I am partial to the first of Brown’s two tea rooms.  I love the dark wood paneling, the piano and overstuffed setees underneath the window.  Both rooms are lovely, in all honesty, and we were escorted to the second room which was bright, elegant and comfortable.  We were fortunate to have a corner table where I could observe the goings on in the tea room and on the street. The tables were as they should be, low and laden with crisp heavy linen, lovely tea cups and  heavy silver pots.  I plopped myself onto the overstuffed setee, propped myself up on the pillows and prepared myself for an afternoon of tea and cakes with The Mister and The Girls.

Brown’s offers a number of menu selections, including the traditional or champagne teas.  I vaguely remember the waiter offering a “healthy” tea option. Seriously?  I didn’t care to know, so I didn’t ask what that might entail.  I’m sure you could call and ask.  We ordered the more exotic teas from the tea list, while The Mister ordered the Browns Afternoon Tea Blend.  He is not amused by exotic choices.

Our server poured the first cups of tea and delivered an elaborate 3-tiered stand laden with tiny chocolate desserts, scones still warm from the oven and a variety of crustless sandwiches.  Most importantly, they brought a crock of fresh clotted cream and another crock of homemade strawberry preserves.

The Mister started on the bottom tray of sandwiches. We started on the top tray of pastries and all met in the middle for the tiny scones and clotted cream.  Dear. God.  The most dangerous part of afternoon tea at Brown’s is the willingness of the staff to refill your trays as soon as they are empty.  We managed to polish off 2 trays each of  lovely chocolate pastries, scones and sandwiches.  Actually, we left two egg salad sandwiches behind on the final tray.  Egg salad offends me and we spent a few minutes trying to decide what should be done with them in order to get a refill of the most desired sandwiches….wrap them in a napkin and tuck them under a plate?  Stuff them into a handbag?  Feed them to the nearest potted plant?  The Mister eventually took one for the team and ate the remaining eggy things so the rest of us could enjoy another tray of the lovely roast beef , salmon and chicken sandwiches.  We had to order a refill of the clotted cream as well to ensure the proper balance of cream and jam on every scone.

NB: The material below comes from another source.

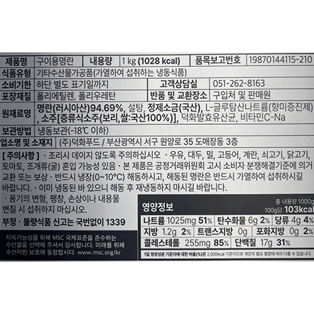 덕화푸드 구이용명란(명란94.69%_18±3개 구이용 1Kg/BOX)

Soon after finishing our last pastry, the staff rolled by with the cake trolley and offered a slice of traditional English sponge or fruitcake.  I just couldn’t. Everyone else did.   I was content to sit back on the sofa and soak up the atmosphere. Fading afternoon light, rain falling outside the window, a cup of  tea, my laughing girls and all is right with the world again.

Food, Glorious Food at Borough Market

South of the river, under an overpass lies Foodie Heaven.  Open from Monday through Wednesday (limited selections/10-3) and Thursday through Saturdays (times vary), it holds something to delight every vegetarian, carnivore and sugar fiend.

Cheese!  Cheese everywhere!  Best of all, they let you sample before you buy…artisan cheese, organic cheese, imported cheese.  Did I mention samples?

Lovely produce.  I don’t know what to do with half of it, but I bought so much of it!

One of the things I enjoyed most about the market was how passionate and dedicated everyone was about their product.  Every stall owner was willing to answer questions, offer samples and talk about everything they were selling.  It was their enthusiasm that led me to try things I ordinarily wouldn’t, with one exception ( I’m talking about you, smiling whole-pig-head-in-the-refrigerator-case).  Can’t make me. I’ll spare you the photo.

I can personally attest to the quality of these prize-winning pies.


I must recommend the cheesy delights of  the grilled/toasted cheese at Kappacasein.  Daughter #3 is quite the connoisseur of grilled cheese and made a beeline for the cart that promised raclette and other cheesey delectables. She was not disappointed, nor was I.  We went back to the cart 3 times.

Make sure to wash it all down with some lovely cider.

Also, take the time to wander outside of the market proper to have a coffee (Monmouth’s perhaps?) and visit Neal’s Yard Dairy for excellent advice which cheese should accompany the lovely wine you picked out.

Check the website before you venture out.